With Zuma’s case repeatedly being delayed by his efforts to remove his prosecutor, 2025 may just be another year filled with legal battles.
Former president Jacob Zuma watches proceedings in the Pietermaritzburg High Court in August 2024. Picture: Screengrab
At 82-years-old, former President Jacob Zuma has faced a mine-field of legal challenges from his arms deal, to the private prosecution of President Cyril Ramaphosa and the fight to keep his new home the uMkhonto weSizwe Party (MK) among the big wigs in the political landscape.
Prominent defence attorney William Booth said the plethora of applications brought by Zuma before the various courts in his attempt to appeal rulings against him are “ridiculous” and it’s time for the courts to set a precedent against such applications.
‘Ridiculous’
“This whole process, if you can call it a process, or saga or circus whichever way you want to discuss these applications brought by former President Zuma is quite ridiculous.

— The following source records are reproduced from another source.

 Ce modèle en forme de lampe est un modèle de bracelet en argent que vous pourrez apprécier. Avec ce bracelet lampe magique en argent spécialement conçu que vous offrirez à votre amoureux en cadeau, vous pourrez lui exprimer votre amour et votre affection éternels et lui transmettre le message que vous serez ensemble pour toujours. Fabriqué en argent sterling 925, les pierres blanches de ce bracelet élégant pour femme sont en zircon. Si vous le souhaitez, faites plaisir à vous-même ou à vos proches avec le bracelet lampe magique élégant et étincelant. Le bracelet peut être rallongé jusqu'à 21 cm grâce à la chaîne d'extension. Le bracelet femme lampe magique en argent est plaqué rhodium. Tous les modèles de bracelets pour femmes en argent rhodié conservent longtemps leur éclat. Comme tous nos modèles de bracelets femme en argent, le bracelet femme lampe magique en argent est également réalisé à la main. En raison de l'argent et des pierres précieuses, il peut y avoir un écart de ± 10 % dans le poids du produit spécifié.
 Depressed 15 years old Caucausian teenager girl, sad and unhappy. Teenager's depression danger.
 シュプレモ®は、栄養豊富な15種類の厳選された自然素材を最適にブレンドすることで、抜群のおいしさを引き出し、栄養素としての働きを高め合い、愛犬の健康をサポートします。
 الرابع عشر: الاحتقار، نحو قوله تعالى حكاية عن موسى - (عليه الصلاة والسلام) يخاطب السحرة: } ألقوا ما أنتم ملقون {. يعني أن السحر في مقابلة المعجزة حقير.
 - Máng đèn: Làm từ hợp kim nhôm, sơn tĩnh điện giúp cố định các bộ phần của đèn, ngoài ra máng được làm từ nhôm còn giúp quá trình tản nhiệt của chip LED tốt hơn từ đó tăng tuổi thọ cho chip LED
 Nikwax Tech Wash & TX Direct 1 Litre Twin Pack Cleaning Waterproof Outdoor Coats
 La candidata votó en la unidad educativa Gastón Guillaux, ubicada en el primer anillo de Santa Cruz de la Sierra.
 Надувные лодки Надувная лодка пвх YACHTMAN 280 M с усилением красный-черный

“I think it’s about time that the court actually states categorically that if lawyers bring such applications on behalf of whoever and there is absolutely no basis, they must be held accountable,” Booth told broadcaster 702 earlier this year.
However, Zuma has continued with his various appeals and applications.
While it has taken two decades, several postponements and millions in legal fees to kick off Zuma’s arms deal case – legal experts concede the politician’s “Stalingrad”- defence strategy has paid off.
Zuma has been charged with French arms company Thales for fraud, corruption, money laundering and racketeering, linked to the 1999 multi-billion-rand defence procurement project.
ALSO READ: Zuma unsuccessful in bid to change April 2025 arms deal trial date [VIDEO]
Zuma battles
His ongoing battles include the tenacious attempt to legally remove the prosecutor in his case Billy Downer and journalist Karyn Maughan through private prosecution over the leaking of a medical certificate.
Zuma also initiated a private prosecution against President Cyril Ramaphosa on the eve of the African National Congress’ (ANC) national elective conference on 15 December 2022.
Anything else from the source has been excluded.